# INPUT DATA:

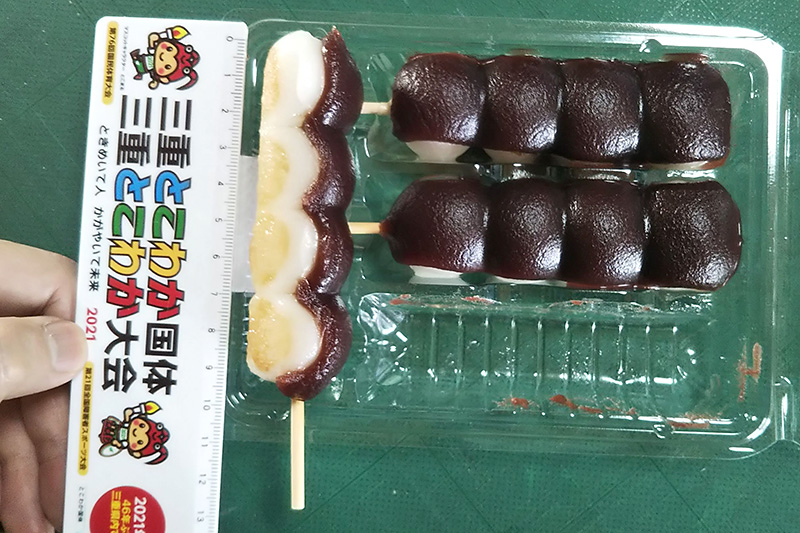 どれくらいのサイズかよくわかりませんので、とりあえず近くのウェルシアでだんごを買ってきました(餡子とみたらししか売ってなかった)。
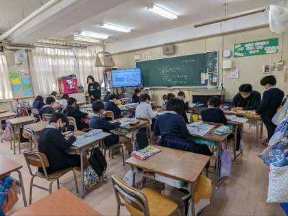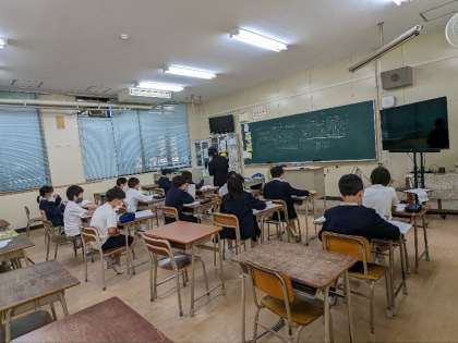 算数科の授業の様子です。習熟度別少人数で学習をしていました。□(四角)を使った式を学んでいました。方程式の学習の第一歩です。しっかり覚えておきましょう。
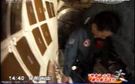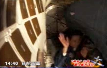 航天員準(zhǔn)備穿越軌道艙(來(lái)源于CCTV)航天員進(jìn)入軌道艙(來(lái)源于CCTV)航天員正穿越軌道艙(來(lái)源于CCTV) 航天員穿越軌道艙(來(lái)源于CCTV)

# TASK BRIEF:
Transcribe only the lines from the one holding "算数科の授業の様子です。習熟" through the last line of the listing above, inclusive, and do not include the pictures.

# PROBLEM SOLUTION:
 算数科の授業の様子です。習熟度別少人数で学習をしていました。□(四角)を使った式を学んでいました。方程式の学習の第一歩です。しっかり覚えておきましょう。
 航天員準(zhǔn)備穿越軌道艙(來(lái)源于CCTV)航天員進(jìn)入軌道艙(來(lái)源于CCTV)航天員正穿越軌道艙(來(lái)源于CCTV) 航天員穿越軌道艙(來(lái)源于CCTV)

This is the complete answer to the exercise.